Autovacuum is interrupted in this place in _bt_pagedel:
/*
* Check here, as calling loops will have locks held, preventing
* interrupts from being processed.
*/
CHECK_FOR_INTERRUPTS();
Reproducing it is not so easy.
First of all I added sleep here:
/*
* Check here, as calling loops will have locks held, preventing
* interrupts from being processed.
*/
pg_usleep(10000);
CHECK_FOR_INTERRUPTS();
Then I create two procedures:
create or replace procedure create_tables(tables integer, partitions
integer) as $$
declare
i integer;
j integer;
begin
for i in 1..tables
loop
execute 'DROP TABLE IF EXISTS t_' || i;
execute 'CREATE TABLE t_' || i || '(pk integer) partition by
range (pk)';
for j in 1..partitions
loop
execute 'create table p_'||i||'_'||j||' partition of
t_'||i||' for values from ('||j||') to ('||(j + 1)||')';
end loop;
execute 'insert into t_'||i||' values
(generate_series(1,'||partitions||'))';
end loop;
end;
$$ language plpgsql;
and
create or replace procedure run_amcheck() as $$
begin
loop
if (select count(*) from pg_stat_activity where
backend_type='autovacuum worker') > 0
then
raise notice 'Run amcheck!';
perform bt_index_parent_check(indexrelid, true, true) from
pg_index;
end if;
perform pg_sleep(1);
end loop;
end;
$$ language plpgsql;
Then I run concurrently run_amcheck()
and the following script for pgbench:
call create_tables(2,1000);
select pg_sleep(2);
If the problem is not reproduced, then cancel run_amcheck() and restart
it once again.
Backtrace (pg16) is the following:
* frame #0: 0x00000001017b6aac
amcheck.dylib`bt_child_highkey_check(state=0x000000010c846318,
target_downlinkoffnum=37, loaded_child="\U00000001", target_level=1) at
verify_nbtree.c:2146:23
frame #1: 0x00000001017b7fd8
amcheck.dylib`bt_child_check(state=0x000000010c846318,
targetkey=0x000000013c01c448, downlinkoffnum=37) at verify_nbtree.c:2262:2
frame #2: 0x00000001017b5f4c
amcheck.dylib`bt_target_page_check(state=0x000000010c846318) at
verify_nbtree.c:1623:4
frame #3: 0x00000001017b3908
amcheck.dylib`bt_check_level_from_leftmost(state=0x000000010c846318,
level=(level = 1, leftmost = 3, istruerootlevel = false)) at
verify_nbtree.c:859:3
frame #4: 0x00000001017b24e8
amcheck.dylib`bt_check_every_level(rel=0x0000000140074f18,
heaprel=0x0000000130070148, heapkeyspace=true, readonly=true,
heapallindexed=true, rootdescend=true) at verify_nbtree.c:603:13
frame #5: 0x00000001017b198c
amcheck.dylib`bt_index_check_internal(indrelid=2674, parentcheck=true,
heapallindexed=true, rootdescend=true) at verify_nbtree.c:362:3
frame #6: 0x00000001017b1a78
amcheck.dylib`bt_index_parent_check(fcinfo=0x000000010c83b040) at
verify_nbtree.c:242:2
I wonder if we should add P_ISHALFDEAD(opaque) for child page?

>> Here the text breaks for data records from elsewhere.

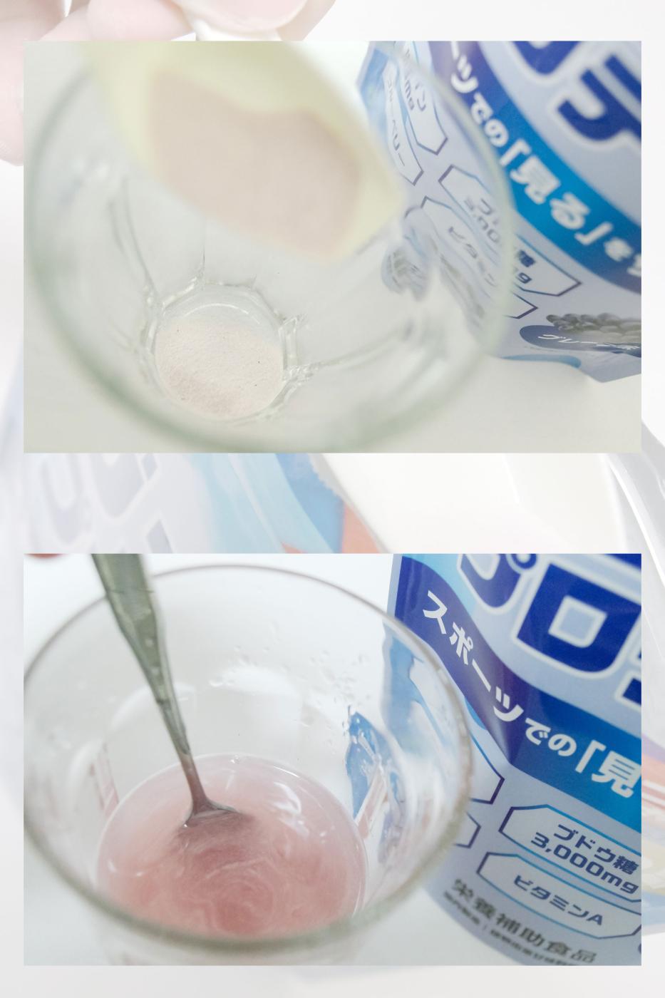 付属のスプーンで粉を入れて、そこにお水を入れて混ぜるだけ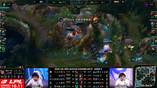 比赛来到27分钟,ES推掉DMO中路高地塔和上路高地塔,随后双方在DMO门牙塔处发生5V5团战,最终ES仅用了一个猴子的代价团灭了DMO(卡萨丁三杀)并推掉DMO基地,赢下比赛胜利!ES拿到夏季赛首胜!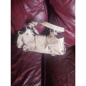 Vintage exotic leather guess bag neutral color with silver tone hardware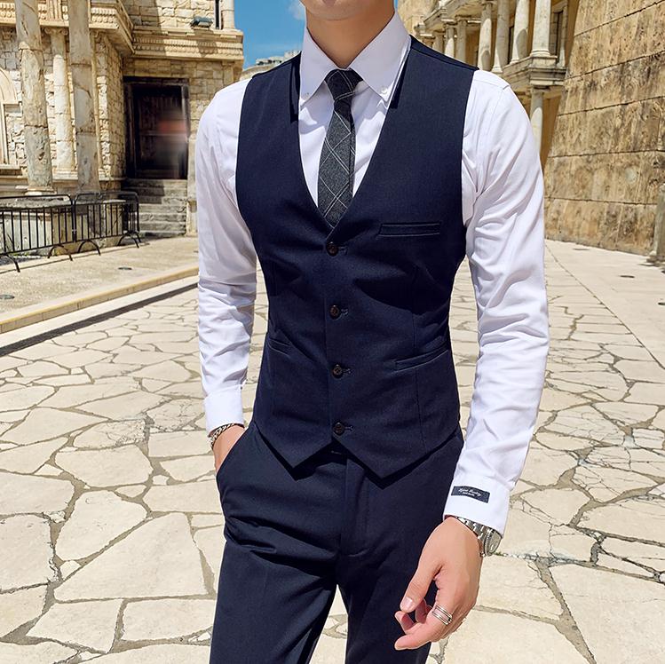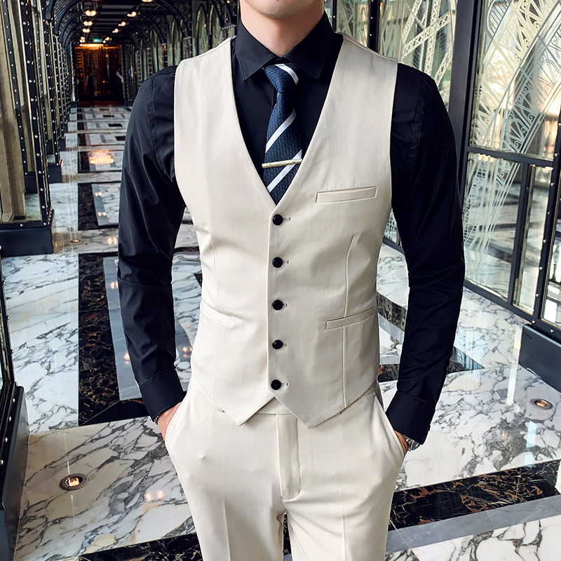 Spring and Autumn Suit Vest Suit Men's Business Trendy Korean Style Slim British Three-piece Suit Groom Wedding Dress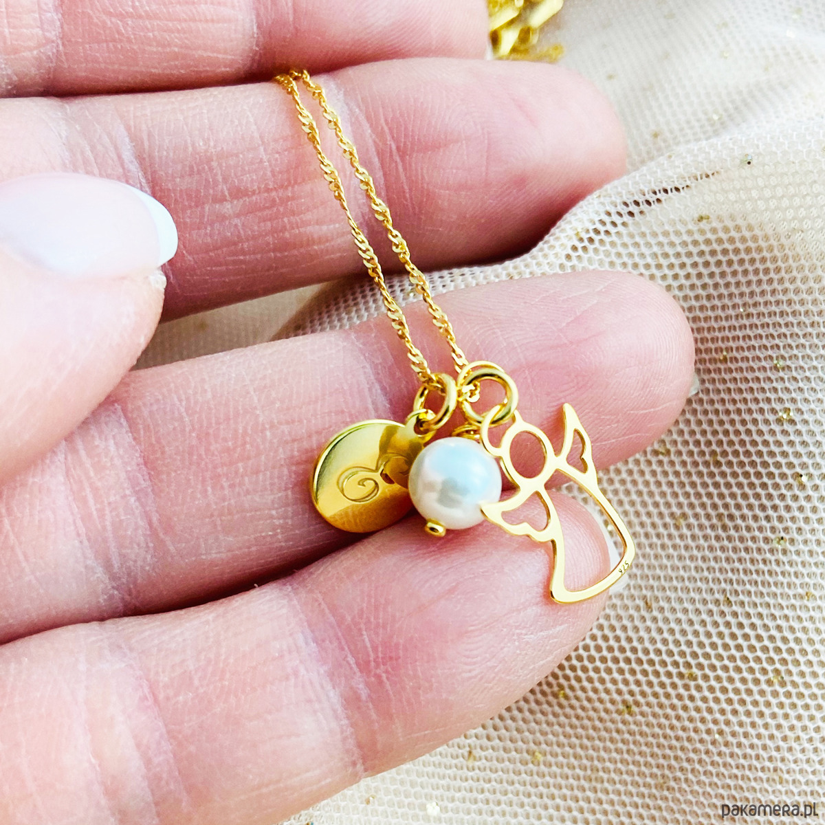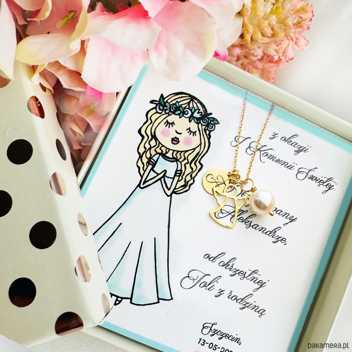 Wyjątkowy unikalny prezent dla dziewczynki z okazji Pierwszej Komunii , zawiera ponadczasowy naszyjnik z perłą Gavbari z wybranym inicjałem i aniołkiem ze srebra złoconego 24 k złotem ( opcjonalnie z wykonaną ręcznie kartą z życzeniami).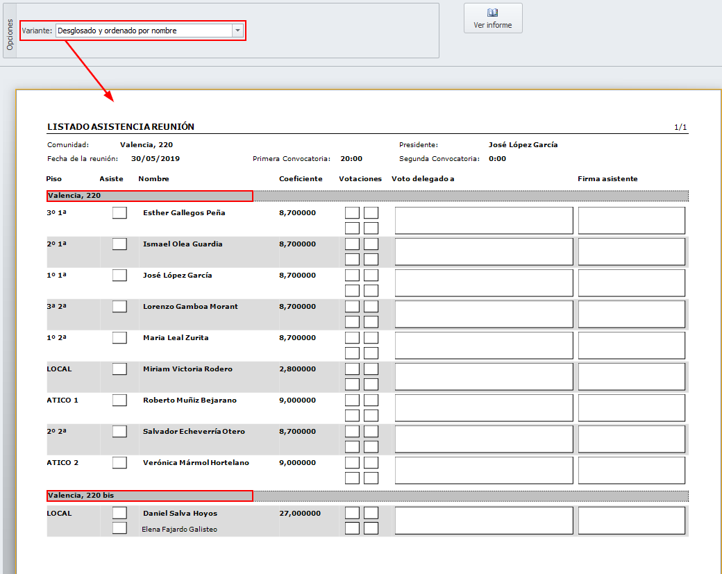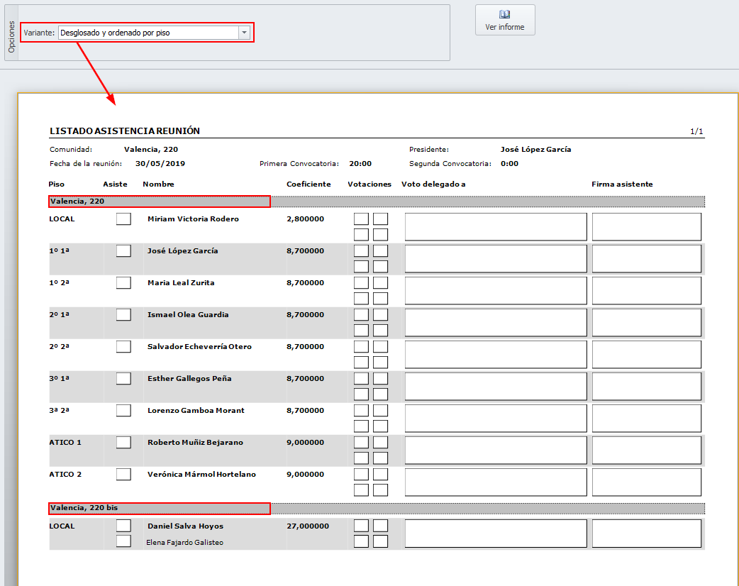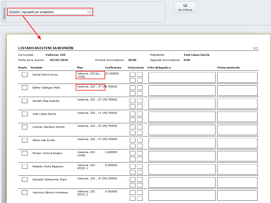 Se ha mejorado el listado de asistencia a reuniones, añadiendo en todos los informes la dirección de la finca. A continuación, puede ver ejemplos de las diferentes versiones de listado de asistencia que se puede obtener.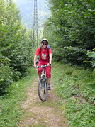 ’s Ochtends begonnen we met een mountainbiketocht. Na eerst de fietsen goed ingesteld te hebben, begonnen we met ons tochtje rond het meer. Langs de waterkant fietsten we eerst richting het dorpje. Dit stuk was nog niet te steil, zodat we mooi konden oefenen met het schakelen. Daarna reden we over een bergpaadje ophoog, met af en toe een kleine afdaling. Tot we uiteindelijk een stukje moesten afdalen, wat gelopen moest worden, zo steil, smal en glad was het.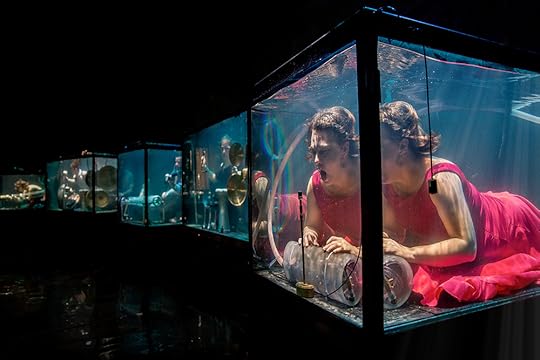 Instead of using SCUBA equipment, members must frequently resurface to breathe. The performers and their equipment start submerged in water-filled tanks equipped with hydrophones. Hydrophones are specially-built microphones that are used to pick up the band’s haunting concertos even while underwater.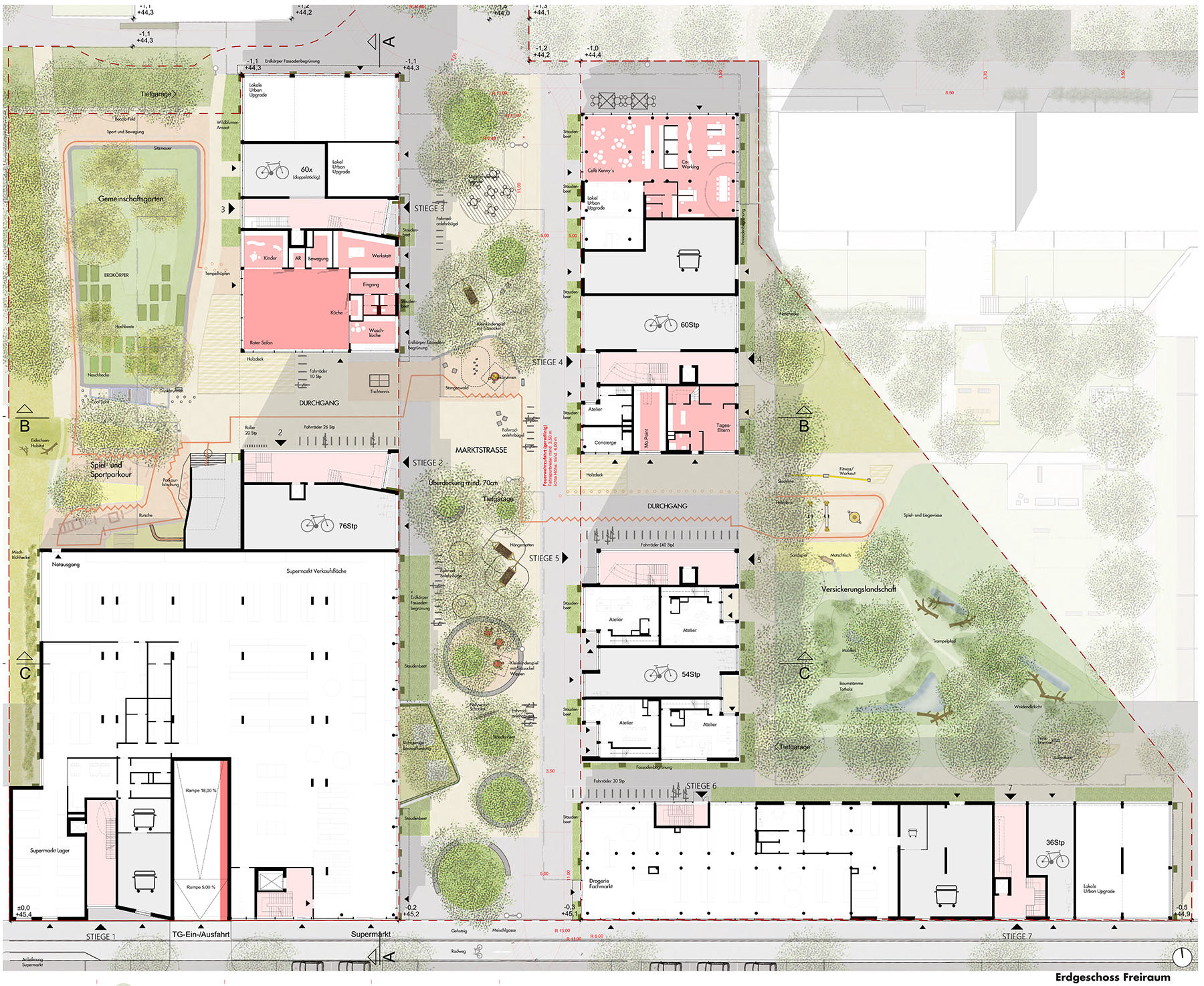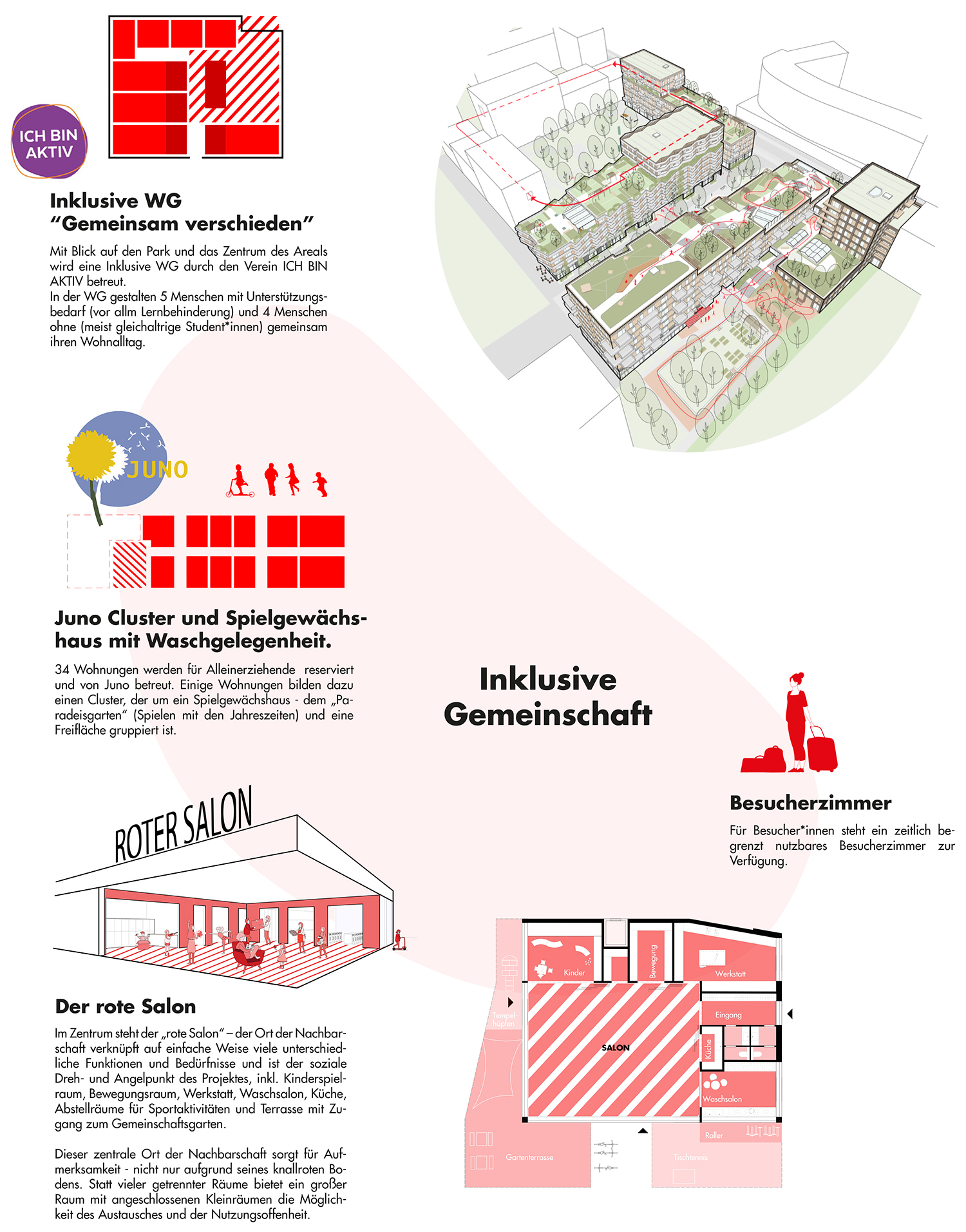 - „Roter Salon“ als gesellschaftliches Zentrum der Anlage mit angebundenem Kinderspiel- und Bewegungsraum, Werkstatt und Waschküche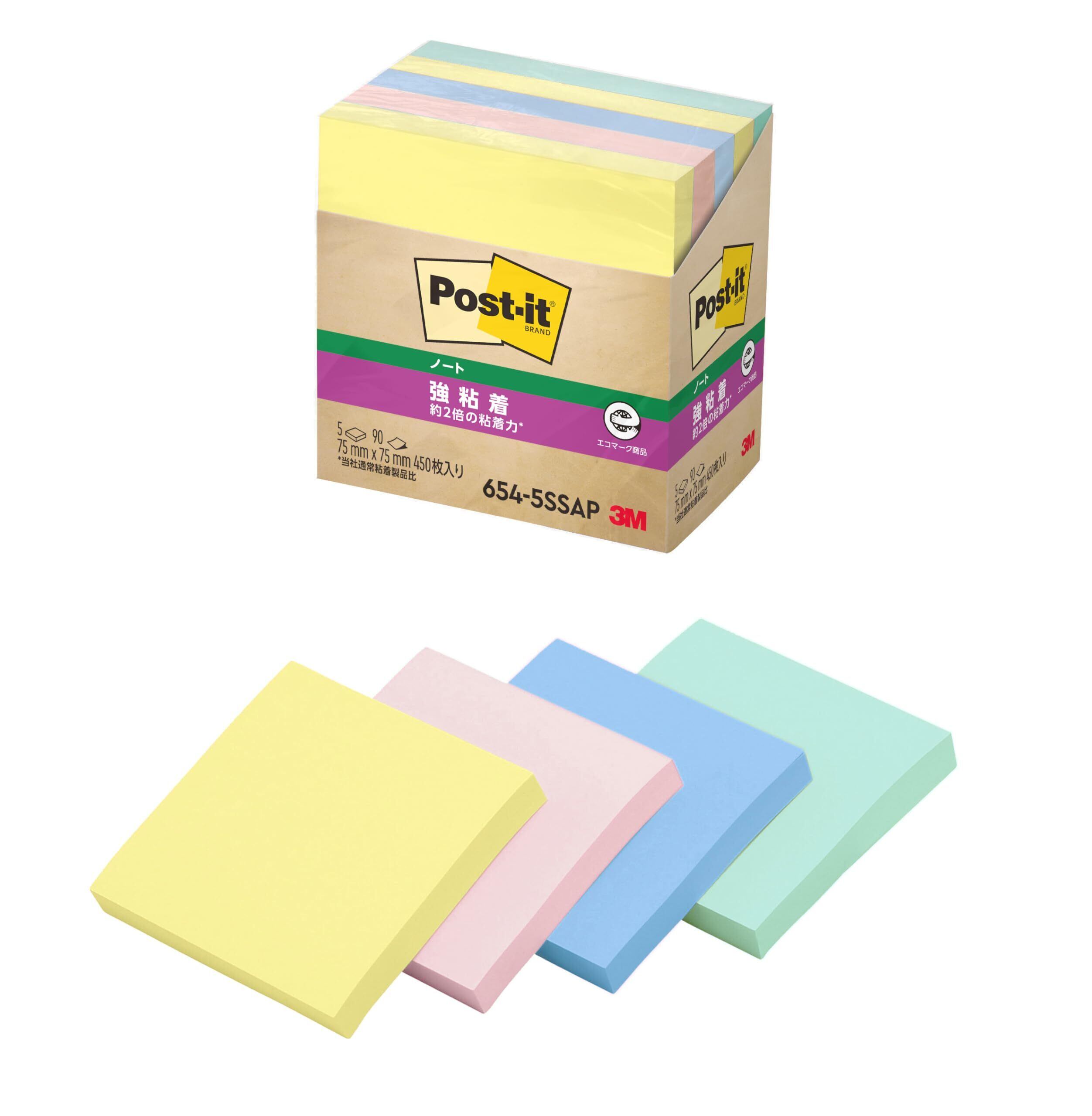 【数量限り】ポストイット 付箋 正方形 強粘着 ノート パステルカラー 75×75mm 90枚×5冊 654-5SSAP

Hello! > I wonder if we should add P_ISHALFDEAD(opaque) for child page? I am not a btree expert, but things I was able to find so far: In commit d114cc538715e14d29d6de8b6ea1a1d5d3e0edb4 next check is added: > bt_child_highkey_check(state, downlinkoffnum, > child, topaque->btpo_level); At the same time there is a comment below: > * We go ahead with our checks if the child page is half-dead. It's safe > * to do so because we do not test the child's high key, so it does not > * matter that the original high key will have been replaced by a dummy > * truncated high key within _bt_mark_page_halfdead(). All other page > * items are left intact on a half-dead page, so there is still something > * to test. So, yes, it looks like we need to skip the child's high key test for half-dead pages. BWT, have you tried to create an injection_point-based reproducer? Best regards, Mikhail.
On 02/11/2025 2:27 PM, Mihail Nikalayeu wrote: > Hello! > >> I wonder if we should add P_ISHALFDEAD(opaque) for child page? > I am not a btree expert, but things I was able to find so far: > > In commit d114cc538715e14d29d6de8b6ea1a1d5d3e0edb4 next check is added: > >> bt_child_highkey_check(state, downlinkoffnum, >> child, topaque->btpo_level); > At the same time there is a comment below: > >> * We go ahead with our checks if the child page is half-dead. It's safe >> * to do so because we do not test the child's high key, so it does not >> * matter that the original high key will have been replaced by a dummy >> * truncated high key within _bt_mark_page_halfdead(). All other page >> * items are left intact on a half-dead page, so there is still something >> * to test. > So, yes, it looks like we need to skip the child's high key test for > half-dead pages. > > BWT, have you tried to create an injection_point-based reproducer? > > Best regards, > Mikhail. Hello Mikhail, Thank you very much for looking at this issue. And I am very sorry for delay with answer. Unfortunately I was not able to reproduce the problem for the latest Postgres: neither with injection points, neither with my original approach with sleeps. Originally I investigated the customer's problem with PG16. And have reproduced it for pg16,. I checked that relevant amcheck code was not changed since pg16, so I thought that the problem takes place for all Postgres versions. But looks like it is not true.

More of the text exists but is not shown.